#### [Exercise instructions]
Apart from the pictures, which must be omitted, restate the data exactly.

----- Material provided

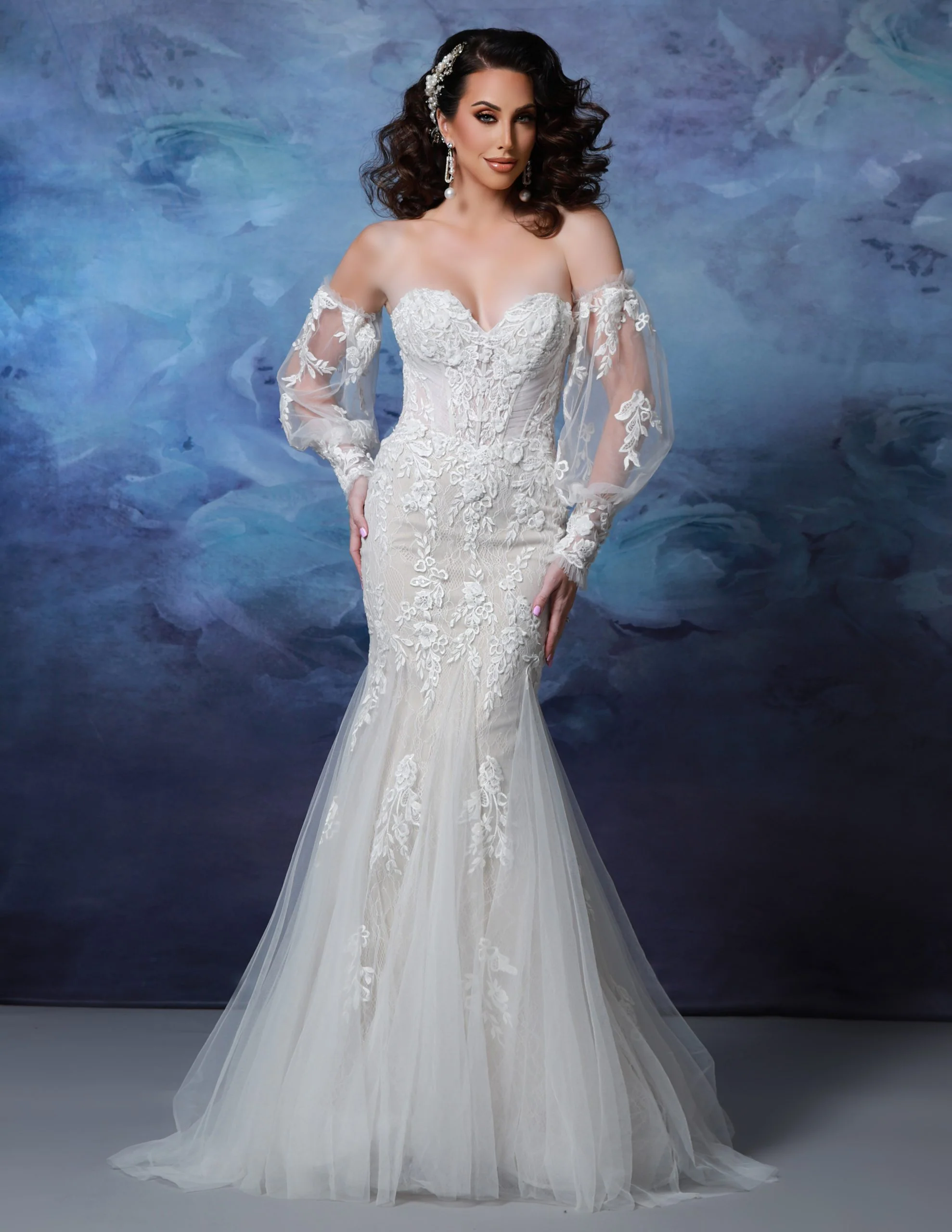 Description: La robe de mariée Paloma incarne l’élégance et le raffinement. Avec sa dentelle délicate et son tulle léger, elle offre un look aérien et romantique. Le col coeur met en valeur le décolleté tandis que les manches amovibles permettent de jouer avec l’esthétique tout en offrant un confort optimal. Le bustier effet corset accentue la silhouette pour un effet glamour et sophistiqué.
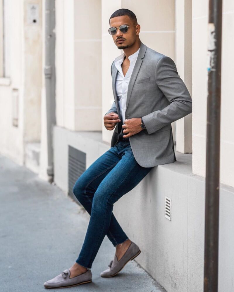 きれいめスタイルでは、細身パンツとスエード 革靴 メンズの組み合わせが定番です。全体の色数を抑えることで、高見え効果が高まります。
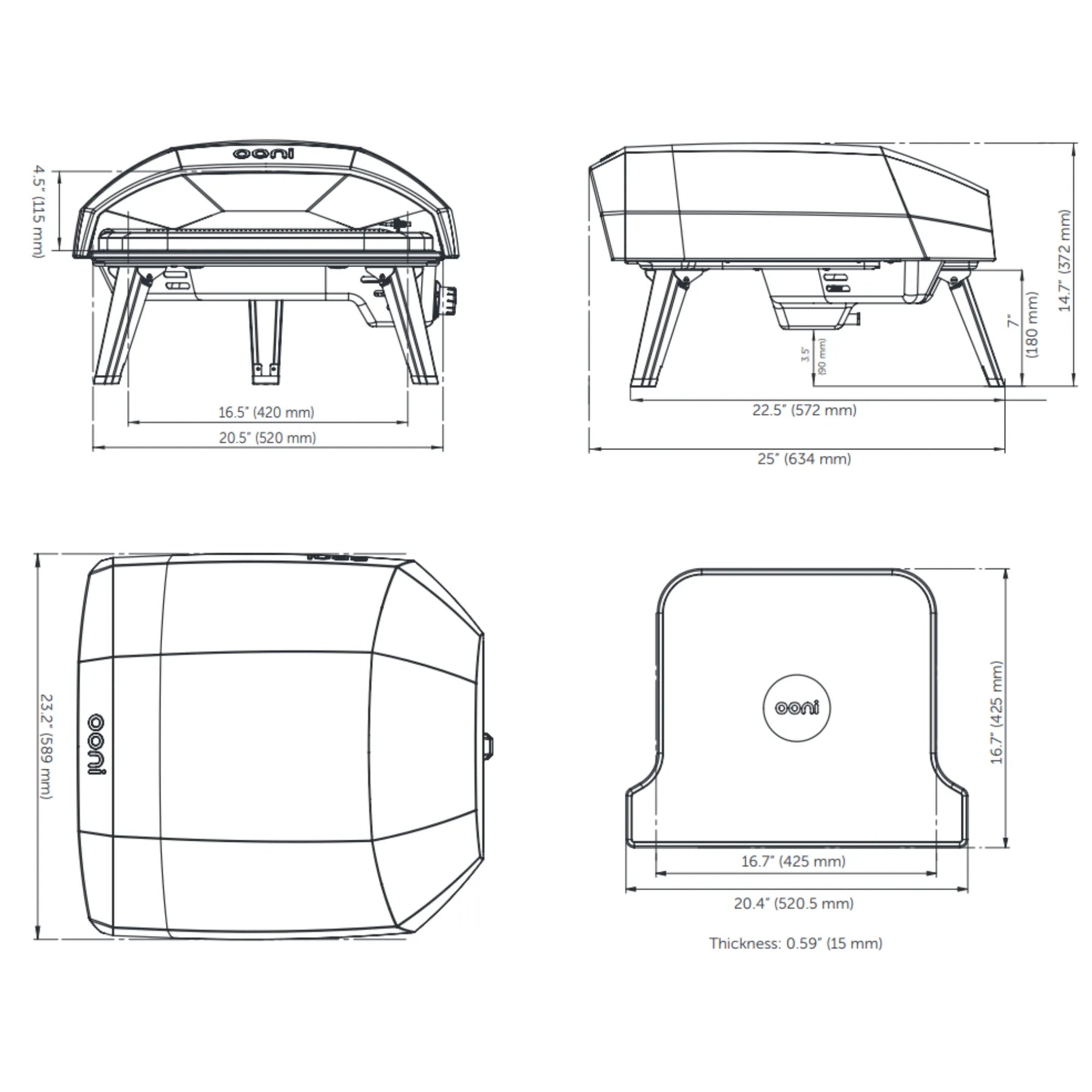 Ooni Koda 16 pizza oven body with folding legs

----------

#### [Solution to the problem]
 Description: La robe de mariée Paloma incarne l’élégance et le raffinement. Avec sa dentelle délicate et son tulle léger, elle offre un look aérien et romantique. Le col coeur met en valeur le décolleté tandis que les manches amovibles permettent de jouer avec l’esthétique tout en offrant un confort optimal. Le bustier effet corset accentue la silhouette pour un effet glamour et sophistiqué.
 きれいめスタイルでは、細身パンツとスエード 革靴 メンズの組み合わせが定番です。全体の色数を抑えることで、高見え効果が高まります。
 Ooni Koda 16 pizza oven body with folding legs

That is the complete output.